The new Georgian government has radically toned down its aggressive rhetoric as a first step toward resolving the 20-year separatist conflict. Russia has responded by building a giant fence 300 meters deeper into Georgian territory,  monitored by video cameras. This fence, which already divides a village with barb wire, threatens to separate more villages if construction continues.

While both the Ossetians and Abkhaz feel assured the Georgians will never attack again, Georgians along the de facto border live in a heightened state of anxiety. They can no longer harvest fruit in their orchards or graze their cattle for fear of being arrested and taken to Tskhinvali. Some who have rebuilt their war-ravaged homes now face losing them to the encroaching fence.

On the eve of the fifth year anniversary of the war, Prime Minister Dmitry Medvedev appeared on Georgian television and invited Georgia to join the Eurasian Union, the Kremlin's brainchild — something like having the doctor that amputated your arms ask you to play volleyball.
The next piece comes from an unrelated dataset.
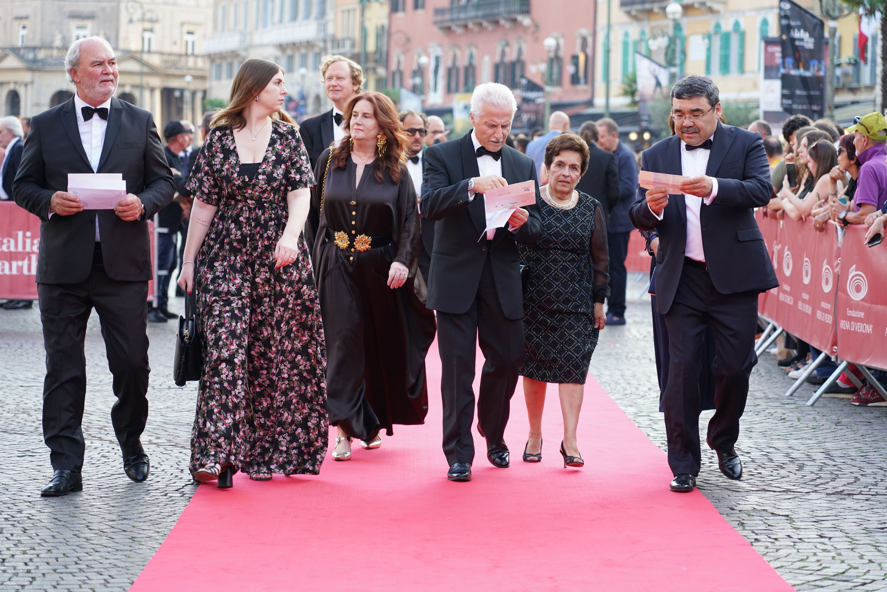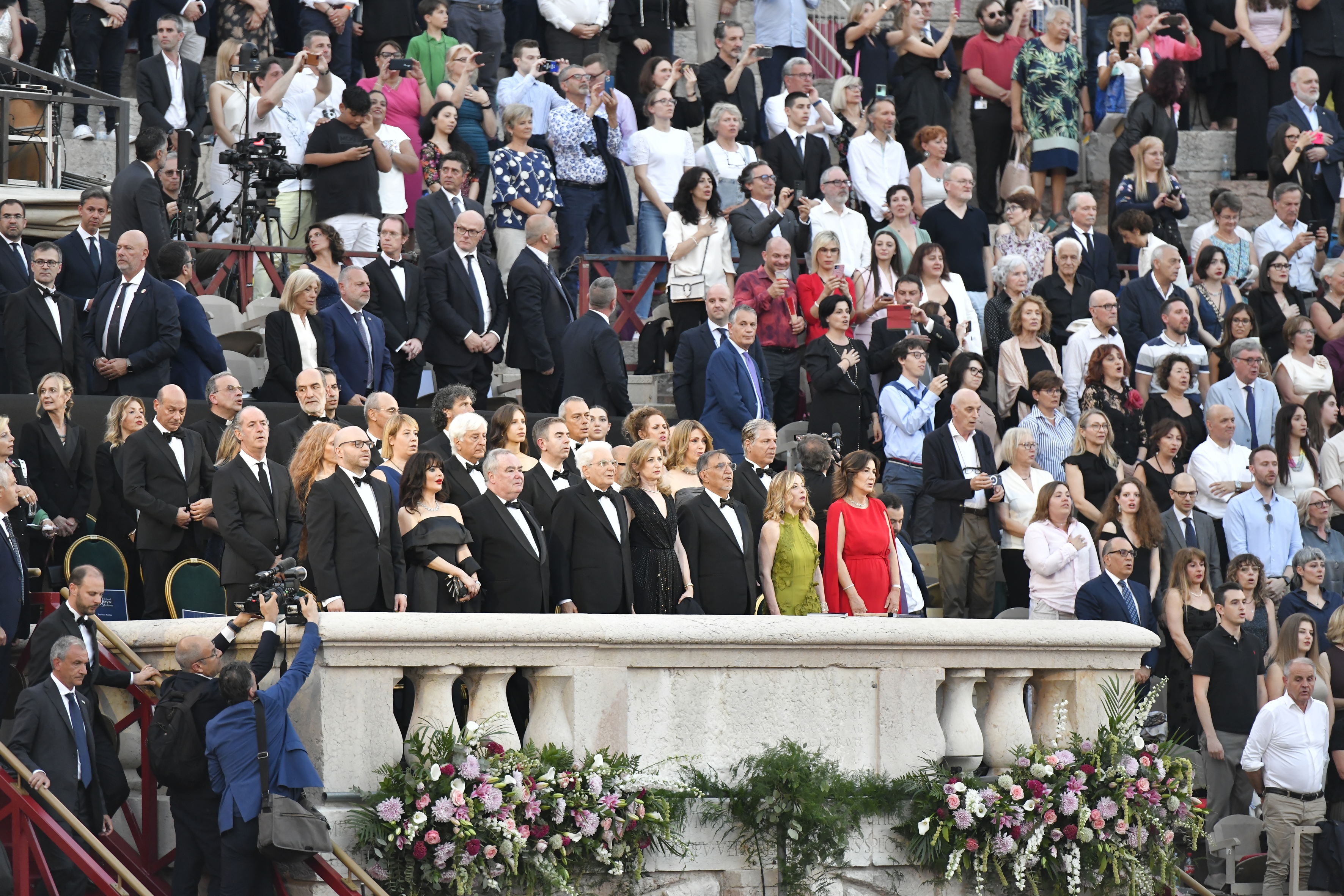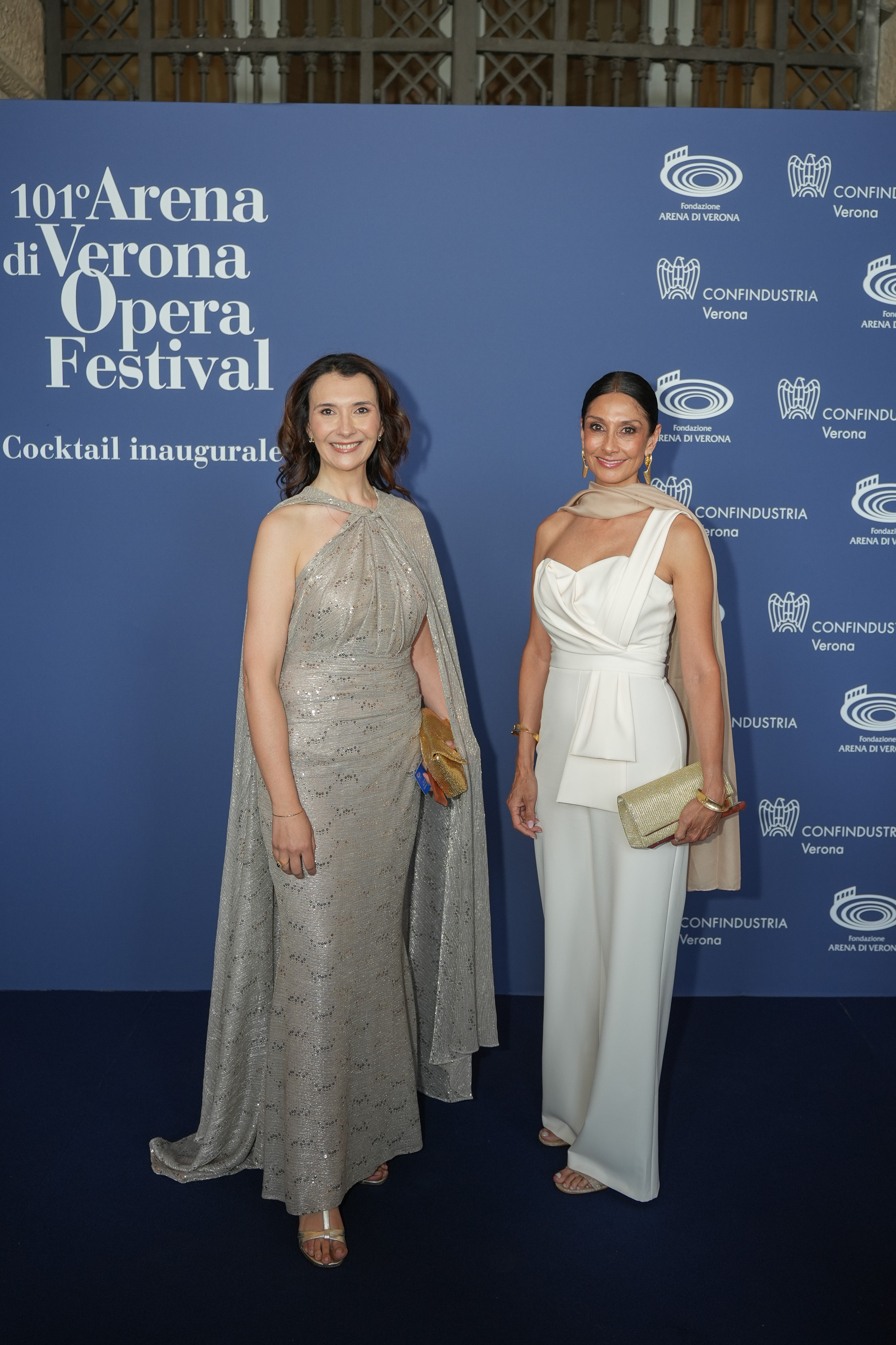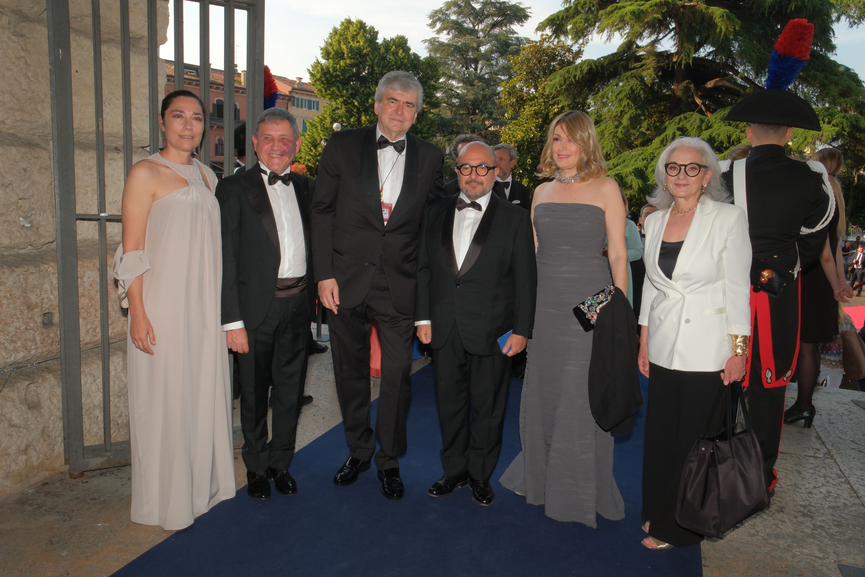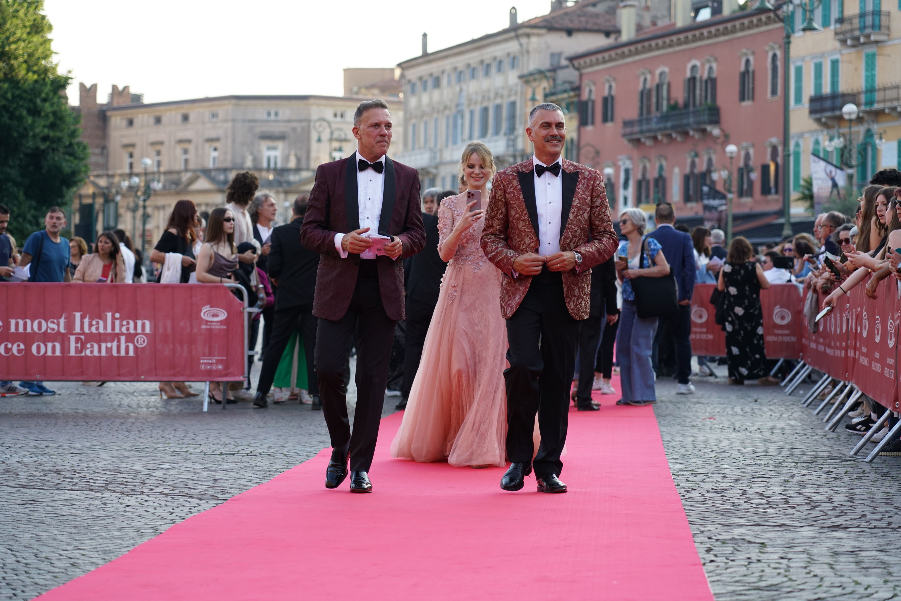 Lo spettacolo prima dello spettacolo. È dal red carpet che inizia a sprigionarsi la magia di ogni grande inaugurazione che si rispetti. L’apertura del 101° Arena di Verona Opera Festival poteva forse sottrarsi allo scintillante rito del tappeto rosso? Ovviamente no, come prova la sfilata di vip, politici, ambasciatori e ospiti speciali.

Yet Medvedev kept a straight face throughout the insipid interview, stating that any closer ties and dialogue between the conflicting parties "must be based on people's will, not on military force."

He's right. The prewar connections between Georgians and ­Ossetians have been severed. The only way to begin the long road to resolution is to rebuild confidence between local communities. Yet Moscow's method of encouraging ties is to obstruct them with barb wire.


Paul Rimple is a journalist in Tbilisi.